Though, habits like these (suggested by the article) early-on could shape the startup's perception of their commitment to their customers. It could end up being a costly 'culture' thing.

It's still debatable whether dealing with customers daily, makes for productive use of an executive's precious time, even if the startup's value proposition revolves around exceptional customer service.

I've witnessed a few small companies getting infinitely better, once they started hiring the right people to fill sales and customer relations positions, that were usually handled by the founders themselves.

Well, I can say that it has been a great use of my time :-) The increased focus has demonstrably paid off in terms of real revenue and customer activity that I don't think we could have tapped into with a lesser focus. Everyday I'm seeing new things that help us improve, that help me set a strategic direction that would be muted if the feedback were filtered through intermediaries.

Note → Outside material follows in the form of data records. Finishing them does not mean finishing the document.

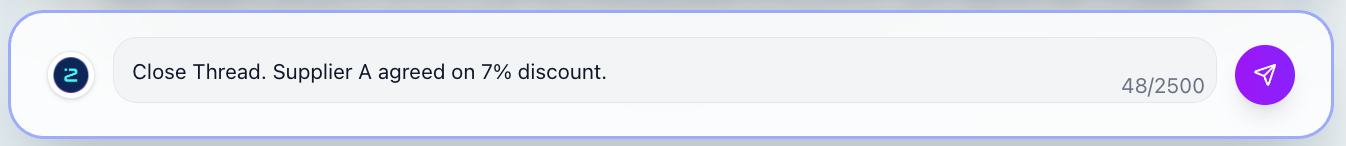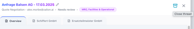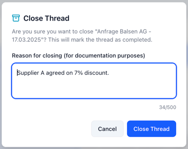 Schließen Sie jeden Vorgang ab – auch wenn kein Nachlass erzielt wurde. Gerade diese Vorgänge sind besonders wertvoll: Der Angebotsverhandlungs Agent lernt daraus, welche Hebel bei welchem Lieferanten weniger wirksam sind, und passt seine Empfehlungen für zukünftige Verhandlungen entsprechend an.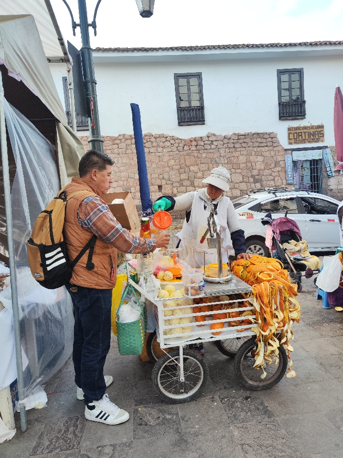 The image captures an outdoor street scene in Wanchaq, Peru, featuring a fruit juice vendor interacting with a customer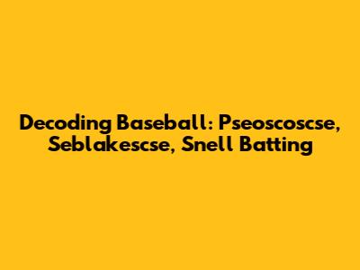 Alright baseball fanatics, let's dive deep into the fascinating, and sometimes perplexing, world of baseball! We're going to break down some terms that might sound like alphabet soup at first glance: pseoscoscse, seblakescse, and Snell batting. Don't worry if these seem like gibberish right now. By the end of this article, you'll not only understand what they mean, but you'll also be able to impress your friends with your newfound baseball knowledge.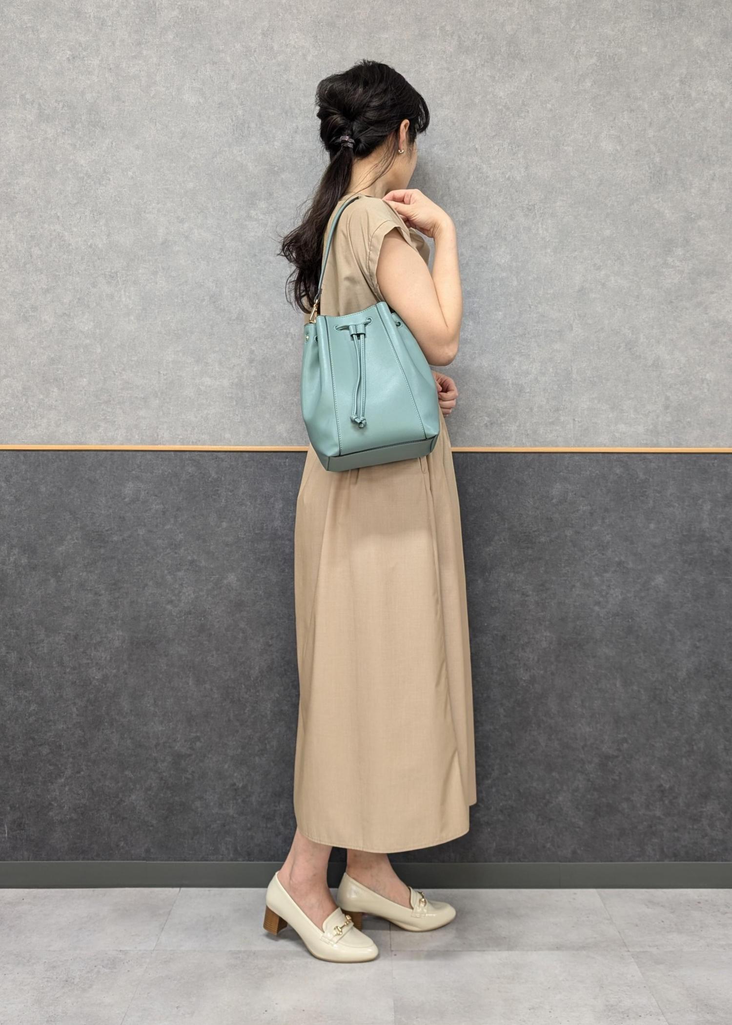 シンプルで品と可愛らしさもあるワンピースが主役のコーディネート。夏らしい差し色として、緑のバッグを合わせました。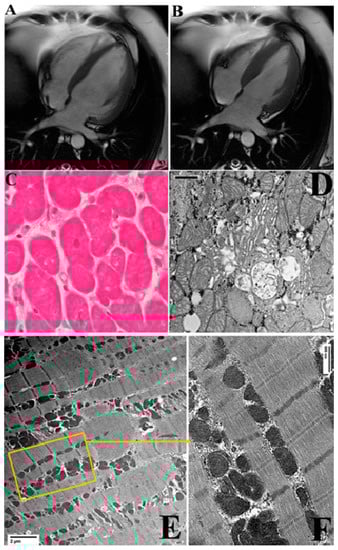 CMR, histologic, and ultrastructural changes of cardiomyocytes in a 45-year-old patient during heart failure caused by myocarditis. Panels (A,B): Cardiac magnetic resonance (CMR) showing bi-ventricular dilatation and severe dysfunction (LVEF 25%). Panels (C–H): LV endomyocardial biopsy showing vacuolar degeneration of myocytes (C) corresponding at electron microscopy to water accumulation in clear cisternae in the endoplasmic reticulum (D) (The bar represents 4 μm), nucleus (E,F), the bar represents 800 nm) and vesiculated mitochondria (G) ×3000 original magnification; (H)—The bar rep-resents 500 nm). In panel (F), remarkable nuclear edema causes chromatolysis and cell death; arrows indicate fragmentation of nuclear membrane. Further details of nuclear changes are better shown in Supplemental Figures S11 and S17.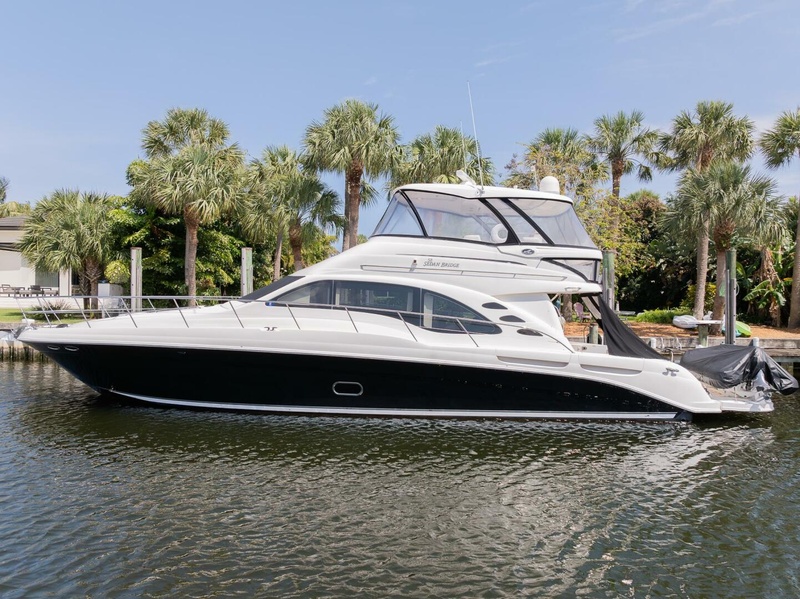 Everything about the Sea Ray 580 Sedan Bridge seems expansive; large flybridge accommodations, an open salon with facing leather sofas, a gourmet galley, and a three-stateroom layout allowing for trips with complete comfort.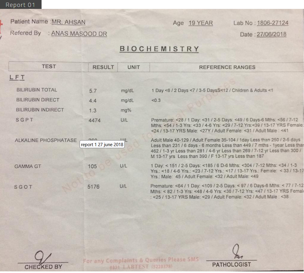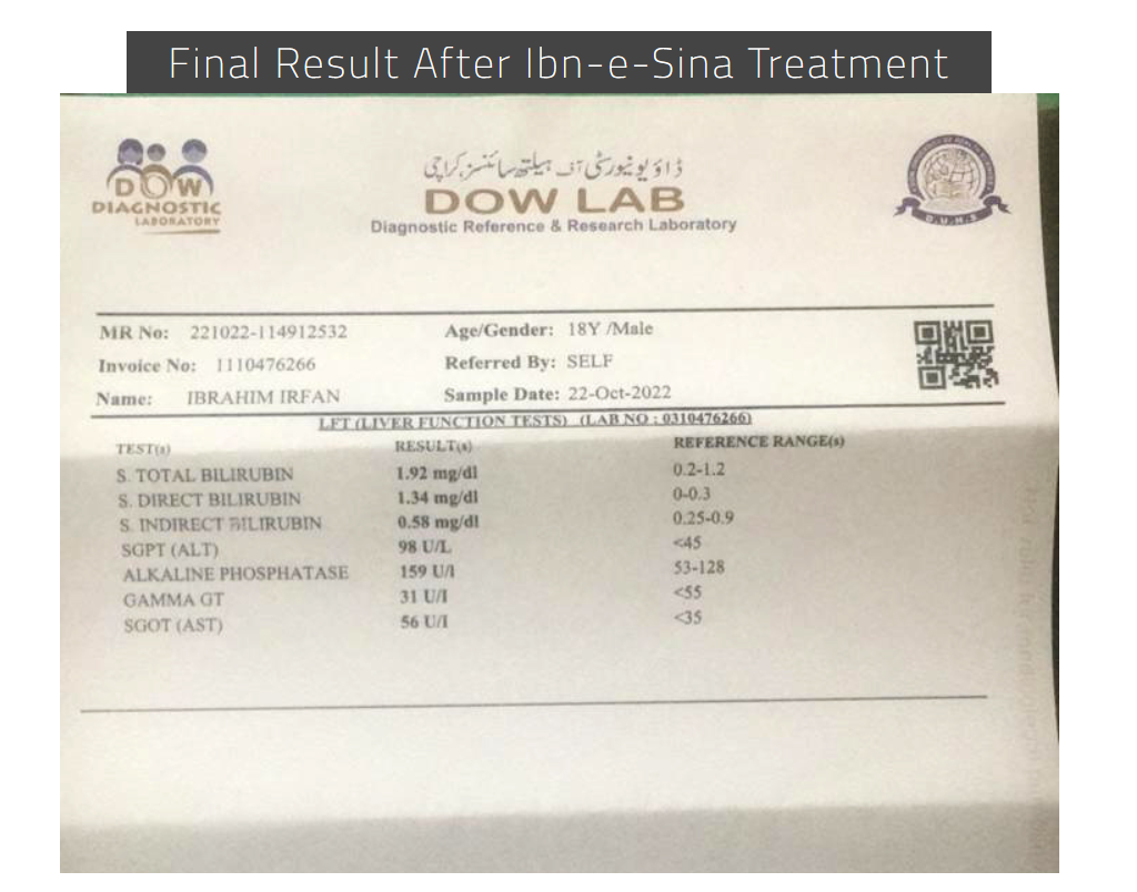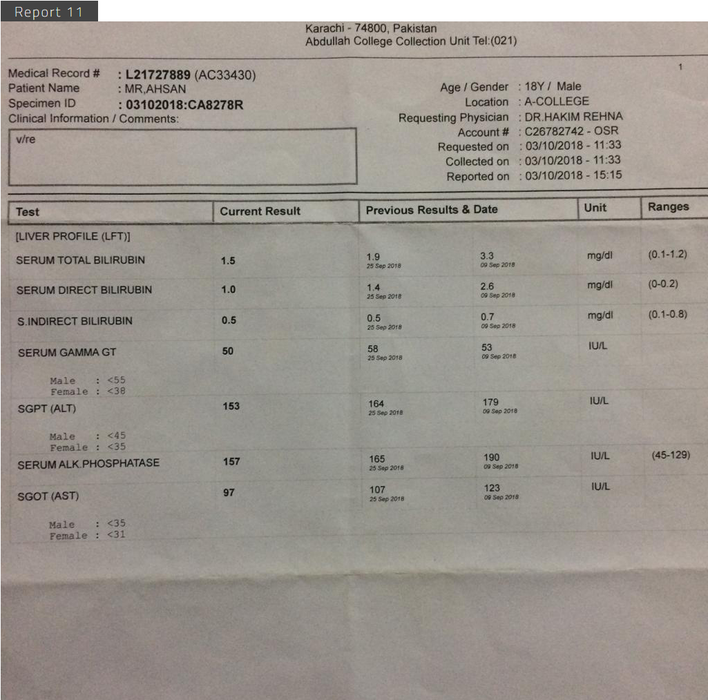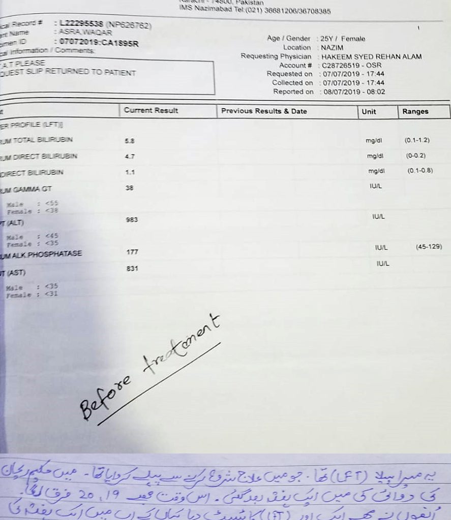 اسلام علیکم میرا نام احسن ہے اور میری عمر 20 سال ہے. 2018 میں مجھے پیلیا ہوا تھا اور 2018-6-27 کو میں نے پہلا ایل ایف ٹی کروایا . اس کے بعد میں نے مختلف ڈاکٹرزس اور حکیموں کا علاج کروایا لیکن فرق نہیں پڑا میرا پیلیاں بگڑ چکا تھا پھر میں نے حکیم ریحان سے علاج کروایا جوکہ میرا علاج ,دوائیاں اور پرہیز ڈھائی مہینے تک چلا اور الحمدللہ میں ٹھیک ہوگیا پھر ٹھیک ہونے کے ایک سال بعد حکیم ریحان کے مشورے پر میں نے ایل ایف ٹی ٹیسٹ کروایا اور الحمدللہ وہ ٹیسٹ بلکل ٹھیک آیا جو یہ ہے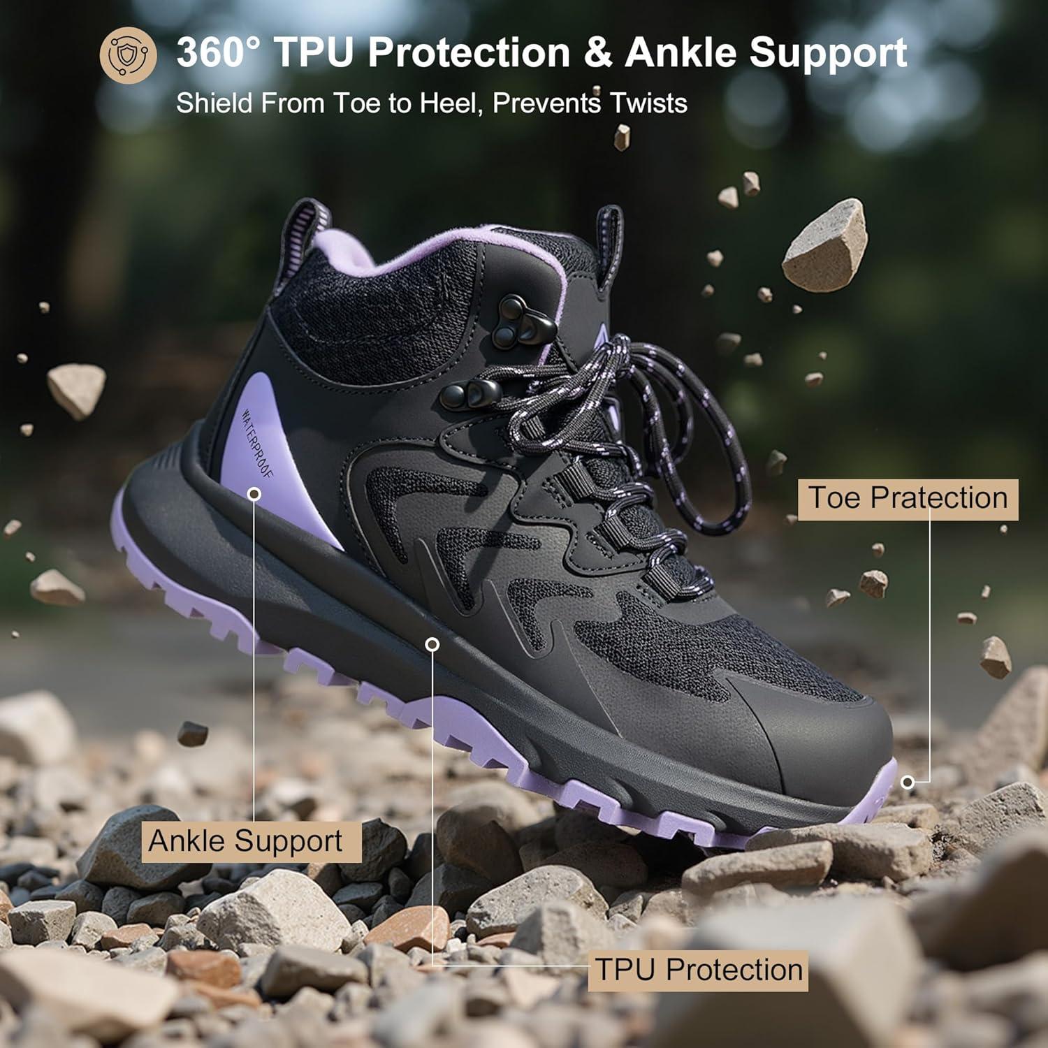 Women’s Hiking Boots Waterproof and Lightweight, Comfortable Walking Outdoor Boots(Black)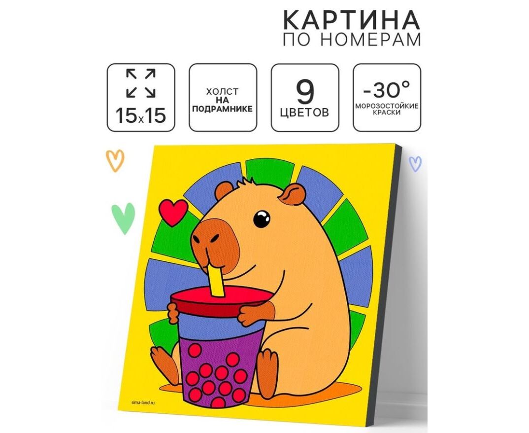 Картина по номерам "Капибара с коктейлем" 15 х 15 см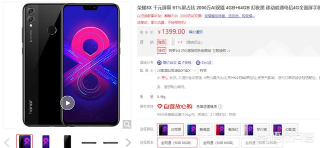 荣耀8X:4+64g 1299元(活动价,目前是送充电宝)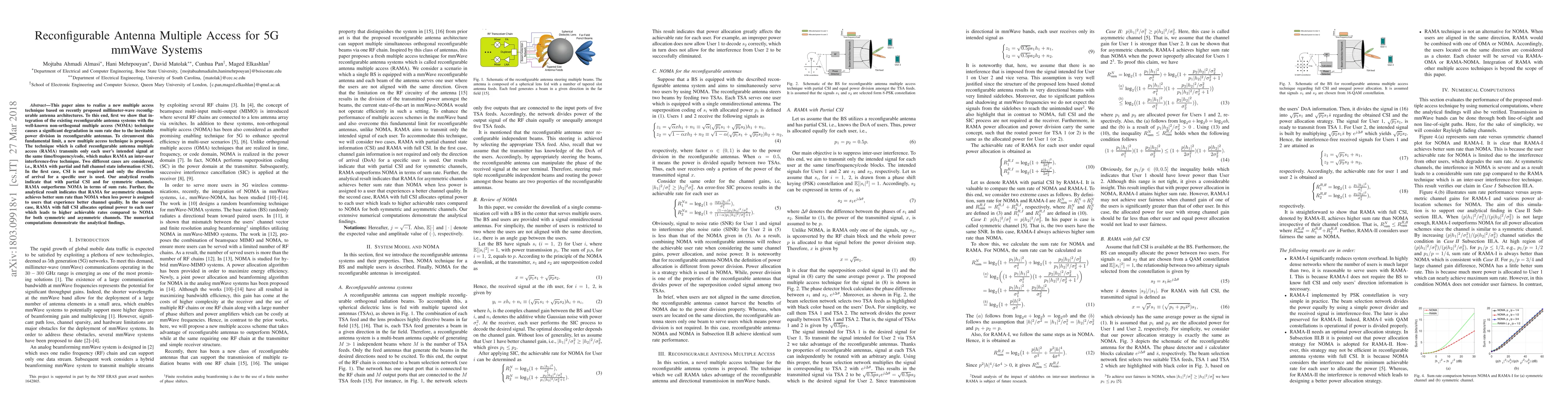 This paper proposes a new multiple access technique called reconfigurable antenna multiple access (RAMA) for 5G mmWave systems, which aims to overcome the limitations of integrating reconfigurable antennas with non-orthogonal multiple access (NOMA). RAMA achieves inter-user interference-free communication by transmitting each user's intended signal simultaneously, outperforming NOMA in terms of sum rate under both partial and full channel state information scenarios.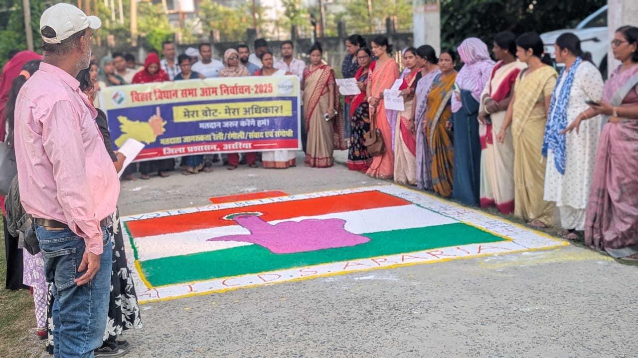 इसी क्रम में बाल विकास परियोजना कार्यालय, अररिया में भी मतदाता जागरूकता कार्यक्रम आयोजित हुआ, जिसमें मतदान शपथ, मानव श्रृंखला, और मतदाता जागरूकता रंगोली जैसी गतिविधियों के माध्यम से लोगों को लोकतंत्र के महापर्व में शामिल होने का आह्वान किया गया।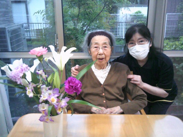 今日はご家族様が面会に来られたご様子とお花の差し入れがありました。そのご様子をお知らせいたします。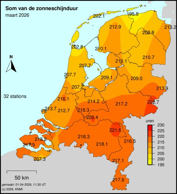 De hoeveelheid zonneschijn in het hele land in maart 2026. Het zuiden pakte de meeste zonneschijn met 220 uur, terwijl het noordelijk kustgebied er het slechtst vanaf kwam met 195 uur. Nog steeds is dat veel meer dan het langjarig gemiddelde (ongeveer 140 uur) (bron: KNMI).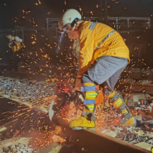 在宁启铁路海安站北面岔区,铁路养护工人在切割钢轨。新华社记者朱国亮 摄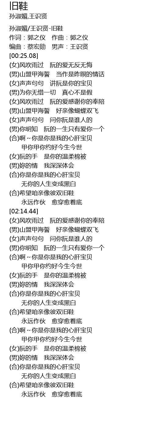 | [03:33.60] | (合)希望咱亲像彼双旧鞋 |
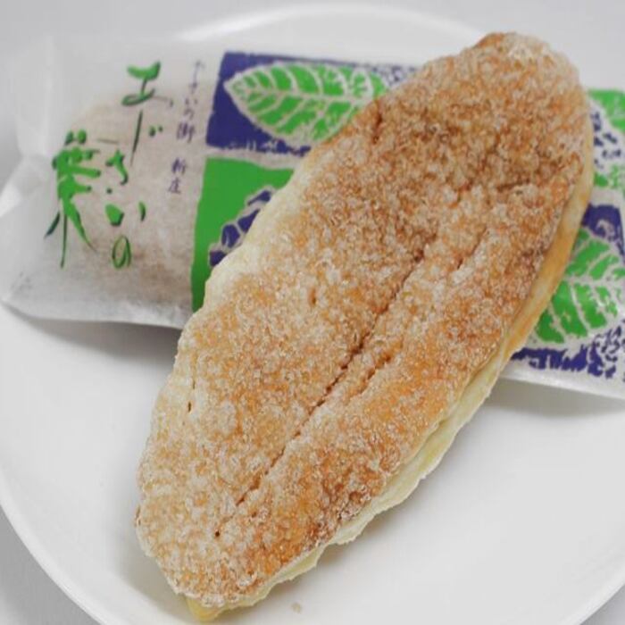 山形県新庄市の花「あじさい」の葉を型どったパイ生地に、グラニュー糖をのせて焼き上げ、キャラメルバタークリームを挟み込みました。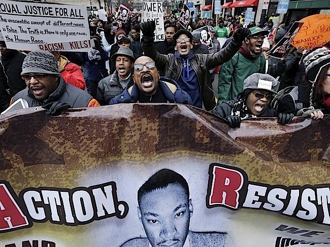 عمت الاحتفالات والتظاهرات انحاء الولايات المتحدة الاميركية في ذكرى تكريم ذكرى الزعيم الراحل المدافع عن الحقوق المدنية مارتن لوثر كينغ احتجاجا على المعاملة القاسية التي يتلقاها اصحاب البشرة السمراء من رجال الأمن. وربط المحتفلون بيوم مارتن لوثر كينغ- وهو يوم عطلة اتحادي احتفل فيه للمرة الأولى عام 1986- هذه المناسبة بالرسالة التي عبروا عنها في الأشهر الأخيرة خلال التظاهرات ضد وحشية الشرطة.

There are other ways of organizing of course. Someone once told me that its way better to organize around the strengths and weaknesses of the people that you have and the people that become available than it is to organize within the constraints of an org. chart "because that's the way its done". I'm sure that if we had a different mix of skills, we might choose to delegate differently, but this is what works for us. For example, I spend very little time worrying about engineering matters compared to the amount of time I spend managing customer service workflows. What matters is whether we're putting points on the board, not so much which plays we're running.